YOUNG southern voices are challenging the notion they are mature enough to own a gun but not mature enough to vote.
Among them is Invercargill Youth councillor Madison Flannery (18).
While she said some people believed 16-year-olds were not mature enough to vote, she countered that argument by saying they were mature enough to obtain a firearms or driver’s license.
“I think we need to keep to the same standard things aren’t a human right whereas voting is a fundamental human right.”
She said 16-year-olds would take voting seriously as they would feel their voice would be heard.
“If we want to lower the age to 16 I think we need to increase education around civics… at the moment education in schools about politics and civics and things like that
There was conversation around lowering the voting age both in school and at Youth Council, but views were varied.
“I think there is definitely an appetite for it, especially with Covid-19 and climate change.
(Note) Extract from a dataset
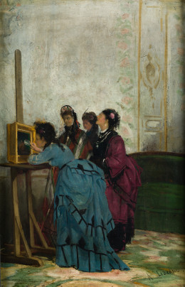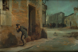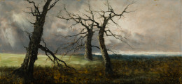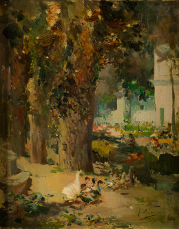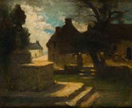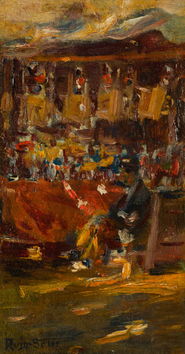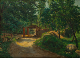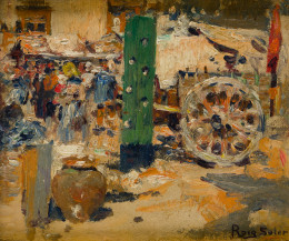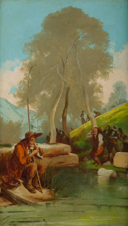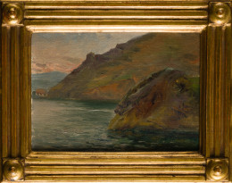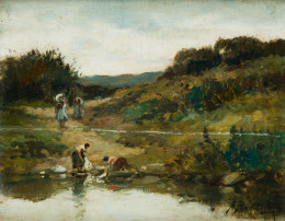 "Paisaje con barca de remos, barcos y ciudad holandesa al fondo"

A lot of youth will go, voice does need to be heard’ which is really valid.”
She also said it was important to remove any systemic barriers stopping anyone from minority groups from voting.
Make it 16 was formed in July 2019 by young people above and below the present voting age, advocating to lower the voting age in New Zealand; treasurer Liam Barnes (17) was from Invercargill.
When asked if there was much support for a lower voting age, a response given to the Southland Express said the team had been heartened by the many people getting in touch to say they had been convinced by media appearances from its campaign spokespeople.
“At the moment support for change in public polls is low, but what you do see overseas, is that when countries lower their voting age, people’s views change.
“In Scotland, the idea of lowering the voting age to 16 was unpopular before they changed the voting age (about 30% supported), but now that 16-year-olds can vote in all Scottish elections there’s at least 60% support for a voting age of 16.”
It said it supported more civics education in schools, but it was not a good excuse to keep the voting age at 18.
“Extending the vote to 16-year-olds is a great prompt for more civics in schools and makes both the voting and the civics education better. Being able to vote while you are still at high school makes civics education practical and empowering.”